Friction modifiers may be grouped into two classes. The first class includes polar/H bonding molecules with hydrocarbon tails which have a low coefficient of friction (pack well). Non limiting examples of polar/H bonding heads are —OH, —NH, —COOH, —OPOOH. —N(CH2CH2OH)2, —COO—CH2CH(OH)—OOC—, Non-limiting examples of hydrocarbon tails include linear C16H33, oleil, linoleil, C18H35 (double bond), and isostearil. The common ingredient is a linear chain C14 to C12 and a small imperfection which disrupts the carbon chain like 1 to 2 double bonds, 1 or 2 CH3, one ethyl group, —O—CCC or —SCC.
The second class of friction modifiers are solids like TEFLON, graphite and molybdenum sulfide.
Oil-soluble alkoxylated mono- and diamines are well known to improve boundary layer lubrication. The amines may be used as such or in the form of an adduct or reaction product with a boron compound such as a boric oxide, boron halide, metaborate, boric acid or a mono-, di- or trialkyl borate.
Other friction modifiers are known. Among these are esters formed by reacting carboxylic acids and anhydrides with alkanols. Other conventional friction modifiers generally consist of a polar terminal group (e.g. carboxyl or hydroxyl) covalently bonded to an oleophillic hydrocarbon chain. Esters of carboxylic acids and anhydrides with alkanols are described in U.S. Pat. No. 4,702,850. Examples of other conventional friction modifiers are described by M. Belzer in the “Journal of Tribology” (1992), Vol. 114, pp. 675-682 and M. Belzer and S. Jahanmir in “Lubrication Science” (1988), Vol. 1, pp. 3-26.
When used in the instant invention, the friction modifier will be used at less than 0.1 mass %, preferably it will be avoided (substantially absent) altogether except for such amounts as may result from an impurity in another component.

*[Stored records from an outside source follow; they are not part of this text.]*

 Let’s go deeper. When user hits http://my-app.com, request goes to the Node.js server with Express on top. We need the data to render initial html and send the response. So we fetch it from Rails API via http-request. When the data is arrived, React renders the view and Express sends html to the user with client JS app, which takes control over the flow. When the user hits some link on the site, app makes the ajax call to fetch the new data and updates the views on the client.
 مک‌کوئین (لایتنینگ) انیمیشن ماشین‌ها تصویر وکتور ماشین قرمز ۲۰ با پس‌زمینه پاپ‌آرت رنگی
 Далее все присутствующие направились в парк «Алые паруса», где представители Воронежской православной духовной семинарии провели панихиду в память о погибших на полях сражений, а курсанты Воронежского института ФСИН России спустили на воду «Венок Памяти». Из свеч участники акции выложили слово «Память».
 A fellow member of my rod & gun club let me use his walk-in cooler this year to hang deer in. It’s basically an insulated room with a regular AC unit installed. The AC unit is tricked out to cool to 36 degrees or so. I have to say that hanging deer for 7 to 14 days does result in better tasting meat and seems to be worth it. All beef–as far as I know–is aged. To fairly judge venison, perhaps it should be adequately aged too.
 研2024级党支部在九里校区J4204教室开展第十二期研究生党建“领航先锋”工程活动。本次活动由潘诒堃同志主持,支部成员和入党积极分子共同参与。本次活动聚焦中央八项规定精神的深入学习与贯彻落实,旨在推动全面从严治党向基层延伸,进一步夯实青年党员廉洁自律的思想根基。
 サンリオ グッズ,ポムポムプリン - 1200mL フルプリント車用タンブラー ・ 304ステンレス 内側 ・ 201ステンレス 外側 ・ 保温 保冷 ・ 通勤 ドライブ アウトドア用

The oil of the instant invention contains less than 0.3 mass % ashless sulfurized phenols. Conveniently, less than 0.1 mass % of such components will be used, and most conveniently these components will be avoided altogether (substantially absent) except for such amounts as may result from an impurity in another component. SulfurizedAshless sulfurized phenols utilized in oils of the instant type are known in the art and include all of the alkyl phenyl sulfides such as nonyl phenyl sulfide. and such oxidation inhibitors as alkaline earth metal salts of alkylphenolthioesters having preferably C5 to C12 alkyl side chains, and calcium nonylphenol sulfide.

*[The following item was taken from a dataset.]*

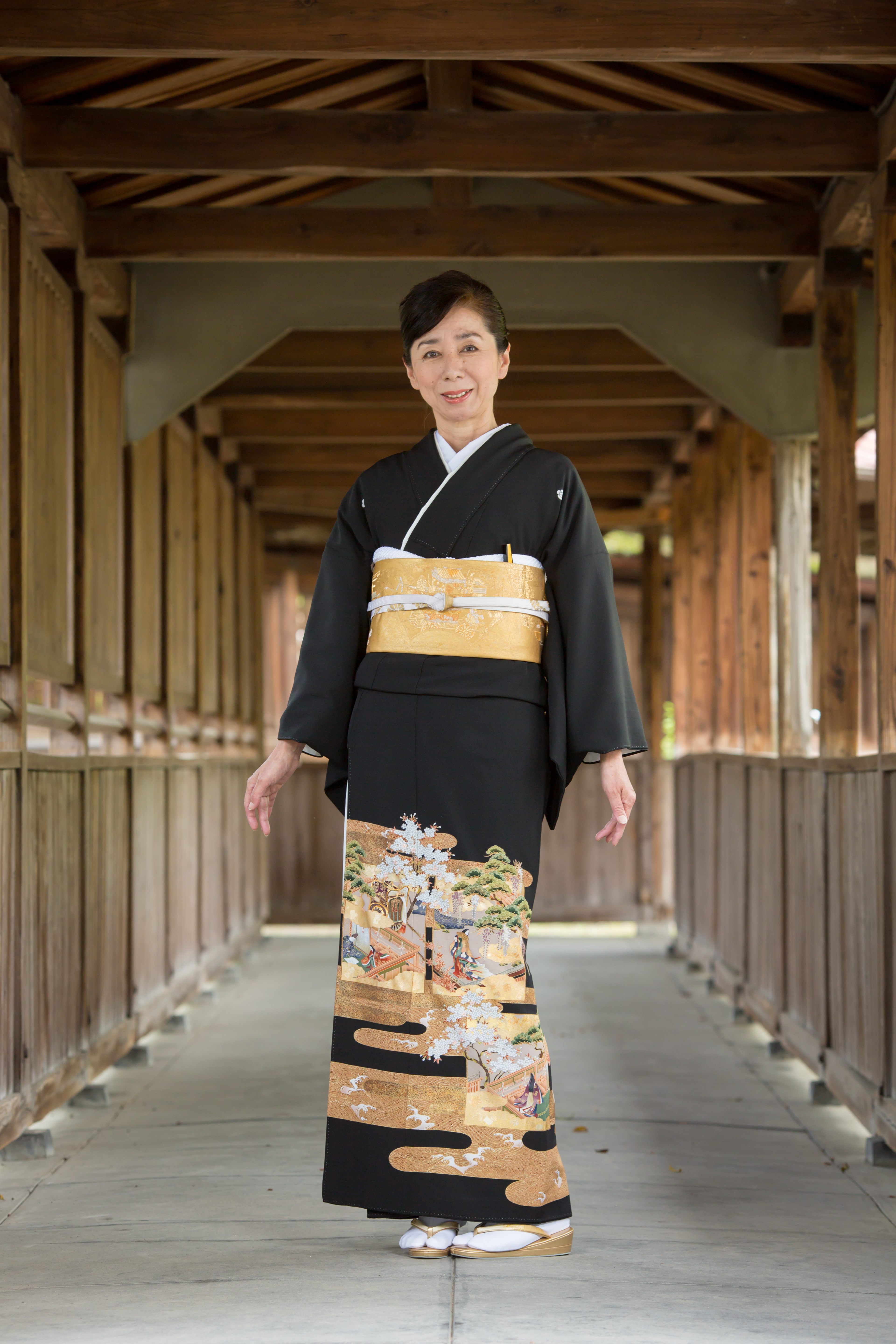 留袖と帯、着付けに必要な小物まで一式揃ったレンタルセットです。最高級丹後ちりめんの生地を使用し「御所解」と題されたこちらの作品。御所解の風景文様に適されている霞雲を背景に源氏物語を想起させる風景の商品です。
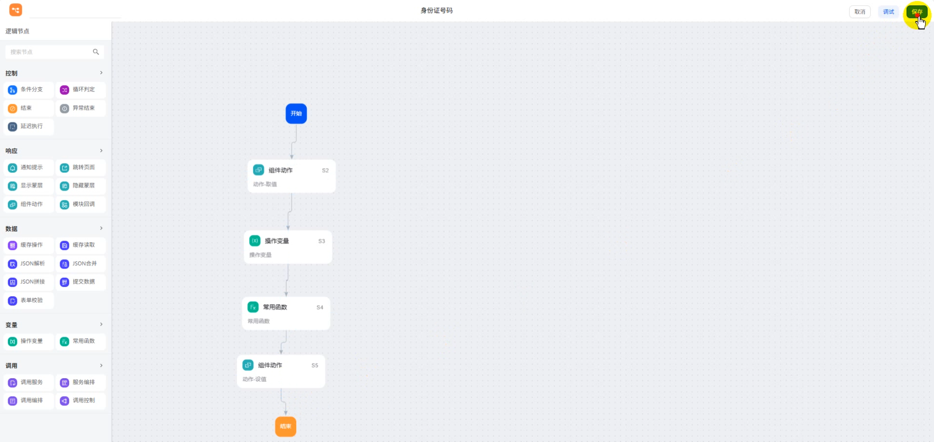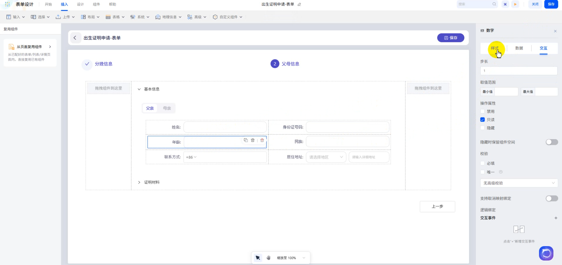 在实际场景下,用户输入身份证号后,应该自动计算出年龄。我们可以为身份证组件添加交互逻辑,当用户输入身份证号后,系统获取生日信息,并进行计算,最终将计算结果赋值年龄组件。

Conveniently, the oils will also contain less than 0.3 mass % sulfurized ester. Preferably the oils will contain less than 0.1 mass % sulfurized ester and most conveniently sulfurized esters will be substantially absent (as defined above).
The sulfurized esters are known in the art and may be prepared, for example from aliphatic olefinic acids and alcohols and polyols such as methanol, ethanol, n- or isopropanol, n-, iso-, sec-, or glycol, propylene glycol, trimethylene glycol, neopentyl glycol, glycerol, etc. For example, those sulfurized alcohols appearing in U.S. Pat. No. 5,486,300 herein incorporated by reference.
LOW BASE NUMBER CALCIUM SULFONATE
The oils of the instant invention also include less than 0.12 mass % of neutral calcium sulfonate. In a preferred embodiment, the oils will be substantially free of neutral calcium sulfonates. In the most preferred embodiment, neutral calcium sulfonates will be avoided altogether other than such amounts as may result as an impurity from another component of the composition. Low base number calcium sulfonates are known in the art and are easily prepared or purchased. As used herein, low base number salts include salts having a TBN of less than or equal to 80 and a metal ratio of less than 3.5.
OTHER DETERGENT INHIBITOR PACKAGE ADDITIVES
Additional additives are typically incorporated into the compositions of the present invention. Examples of such additives are metal or ash-containing detergents, antioxidants, anti-wear agents, rust inhibitors, anti-foaming agents, demulsifiers, and pour point depressants.
Metal-containing or ash-forming detergents function both as detergents to reduce or remove deposits and as acid neutralizers or rust inhibitors, thereby reducing wear and corrosion and extending engine life. Detergents generally comprise a polar head with a long hydrophobic tail, with the polar head comprising a metal salt of an acidic organic compound. The salts may contain a substantially stoichiometric amount of the metal in which case they are usually described as normal or neutral salts, and would typically have a total base number or TBN (as may be measured by ASTM D2896) of from 0 to 80. It is possible to include large amounts of a metal base by reacting an excess of a metal compound such as an oxide or hydroxide with an acidic gas such as carbon dioxide. The resulting overbased detergent comprises neutralised detergent as the outer layer of a metal base (e.g. carbonate) micelle. Such overbased detergents may have a TBN of 150 or greater, and typically of from 250 to 450 or more.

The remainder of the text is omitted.